Ansparpflicht und Umbenennung der UG (haftungsbeschränkt) in eine GmbH
Die UG (haftungsbeschränkt) ist als Einstieg in die GmbH konzipiert. Sie soll durch erfolgreiches Wirtschaften mit der Zeit zu einer GmbH werden. Es besteht daher die Pflicht, Kapital „anzusparen”. Die UG (haftungsbeschränkt) darf nicht den kompletten Jahresgewinn an ihre Gesellschafter ausschütten, sondern muss ein Viertel des Jahresüberschusses in eine Rücklage stellen. Die Rücklage darf nur zum Verlustausgleich vergangener Jahre oder für Stammkapitalerhöhungen verwendet werden. Auch wenn die Rücklage 25.000 Euro erreicht, darf sich die UG (haftungsbeschränkt) nicht automatisch GmbH nennen. Hierzu ist eine Umfirmierung nötig, die über einen Notar beim Handelsregister angemeldet wird.
Verbot von Sacheinlagen
Eine Sacheinlage (z.B. Maschinen, Einbringung eines Geschäftsbetriebes, Auto) ist nicht möglich. Das Stammkapital ist voll einzuzahlen.
Haftung
Für Verbindlichkeiten der UG (haftungsbeschränkt) steht den Gläubigern als Haftungsmasse grundsätzlich nur das Gesellschaftsvermögen zur Verfügung. Dies gilt auch für den Fall einer Insolvenz. In der Insolvenz haben die Gesellschafter also lediglich den wirtschaftlichen Verlust ihrer Einlage zu befürchten. Die Haftungsbeschränkung gilt erst mit der Eintragung in das Handelsregister. Verbindlichkeiten die vor der Eintragung begründet sind, so gilt dafür die persönliche Haftung der Gesellschafter.
Gründung der UG (haftungsbeschränkt)
Wie die GmbH kann auch die UG durch eine Person oder mehrere Personen gegründet werden. Eine Gründung durch juristische Personen (andere Gesellschaften) ist ebenso möglich. Zur Gründung wird ein Gesellschaftsvertrag benötigt, dieser Vertrag muss von einem Notar beurkundet werden.

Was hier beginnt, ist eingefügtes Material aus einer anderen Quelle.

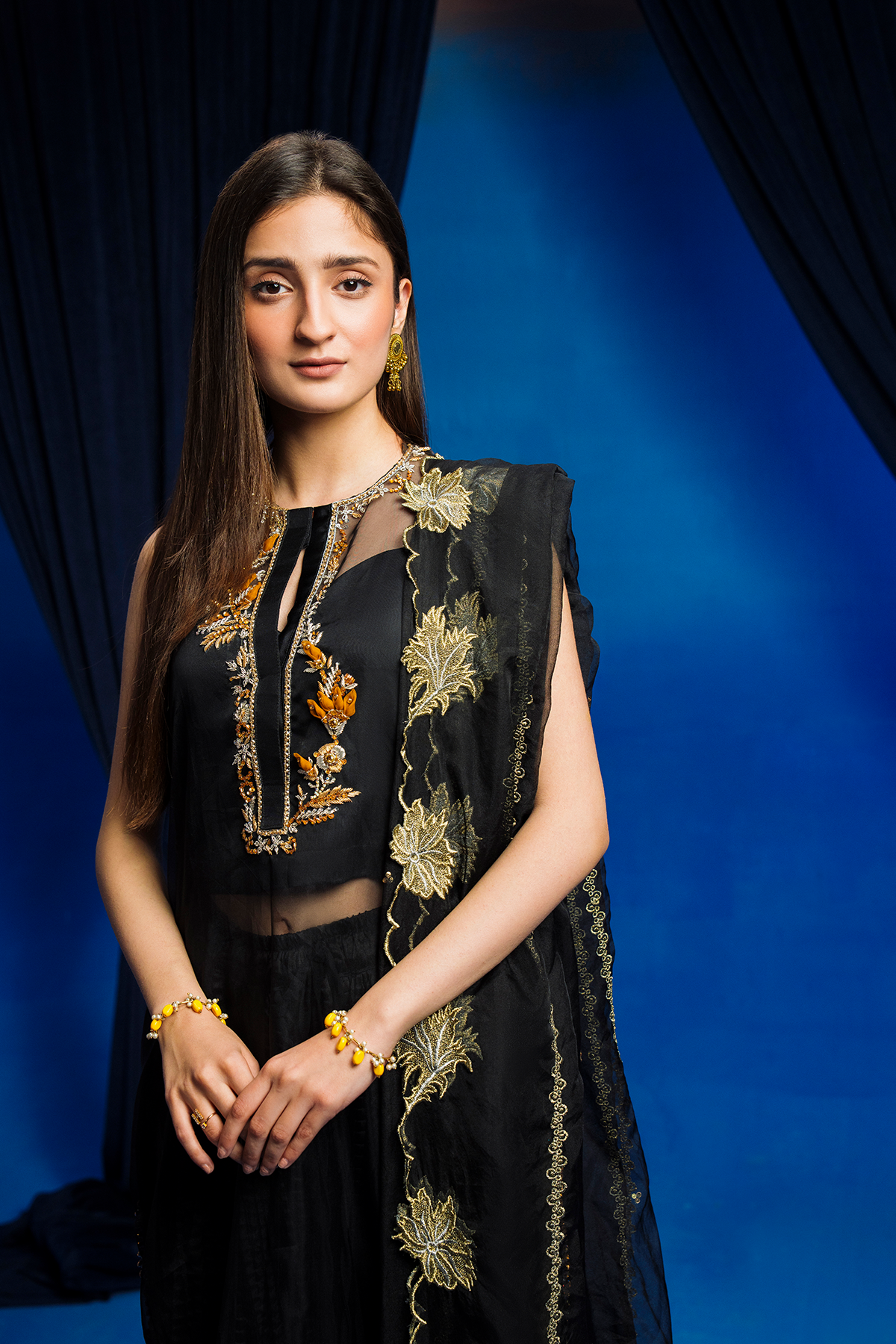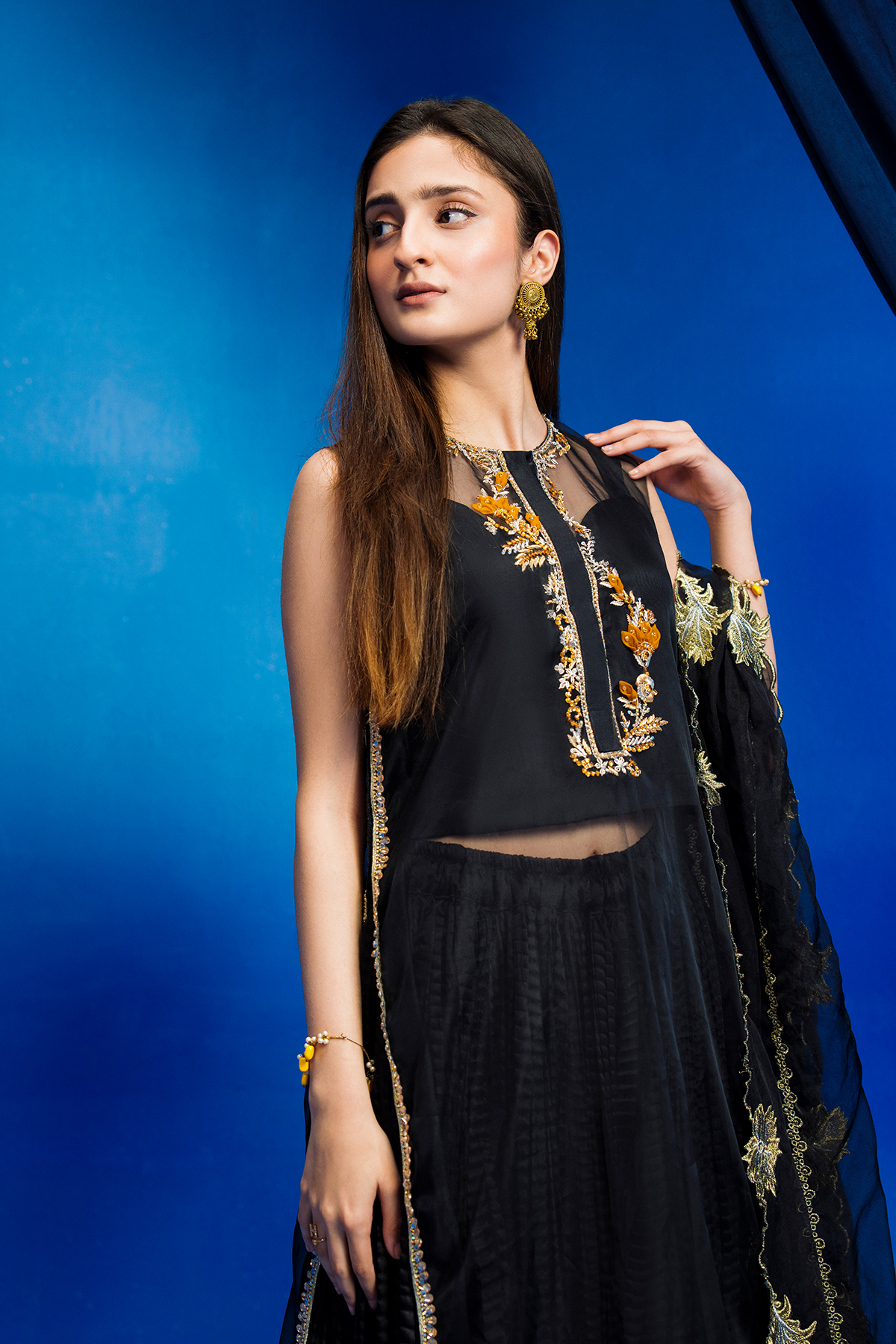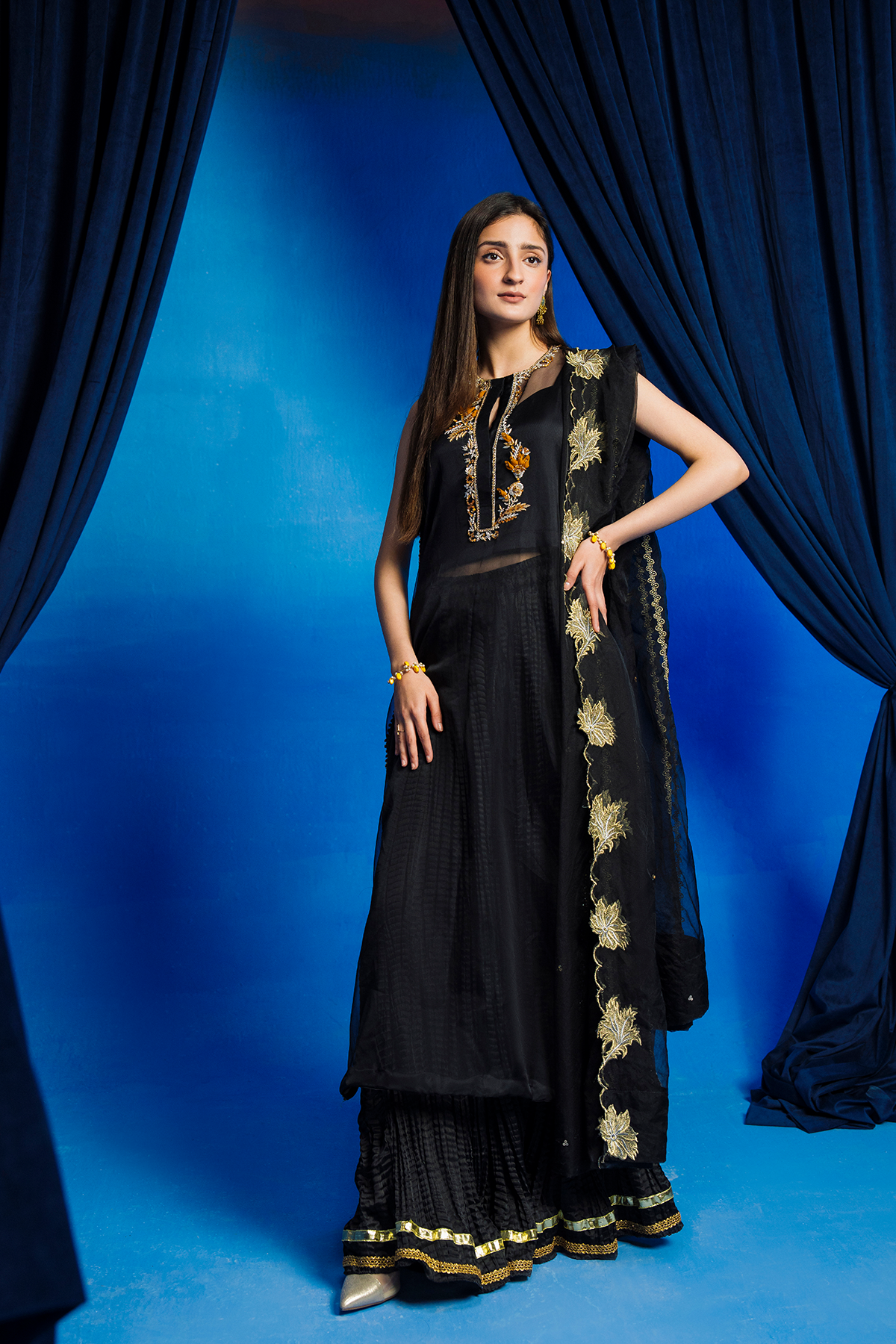 Radiate elegance in a crushed black gharara, adorned with golden embroidery. Layered with a sheer black shirt, it adds allure and sophistication. Paired with a subtly detailed dupatta, this ensemble is perfect for special occasions. Embrace timeless charm and captivate the crowd in this stunning ensemble.

Die Anmeldung erfolgt dann auf elektronischem Wege beim Registergericht.
Den Gesellschaftsvertrag kann man individuell aushandeln oder auf ein als Anlage zum GmbH-Gesetz verfügbares „Musterprotokoll” zurückgreifen. Voraussetzung für die Verwendung des Musterprotokolls bei der Gründung einer UG (haftungsbeschränkt) führt zur Einsparung von Notarkosten (s. auch unser Merkblatt zur GmbH-Reform rechte Spalte). Die Höhe der Notarkosten hängt von der Höhe des Stammkapitals ab. Nachteil der Gründung mit dem Musterprotokoll ist, dass darin keine eigenen Regelungen getroffen werden können. Deshalb ist die Verwendung im Vorfeld gründlich zu prüfen. Gern steht Ihnen Ihre IHK auch hier beratend zur Seite.
Geschäftsanschrift
Im Handelsregister muss die inländische Geschäftsanschrift eingetragen werden. Sie ist bei der Anmeldung anzugeben. Unter dieser Anschrift können Schriftstücke rechtswirksam zugestellt werden. Dies gilt für alle Rechtsformen und Zweigniederlassungen. Bei Geschäftsführungslosigkeit kann auch gegenüber den Gesellschaftern zugestellt werden.
Gegenstand des Unternehmens
Im Gesellschaftsvertrag oder dem Musterprotokoll ist der Gegenstand des Unternehmens der UG (haftungsbeschränkt) so zu bezeichnen, dass den Teilnehmern am Wirtschaftsverkehr eine konkrete Vorstellung vom Betätigungsfeld der Gesellschaft ermöglicht wird.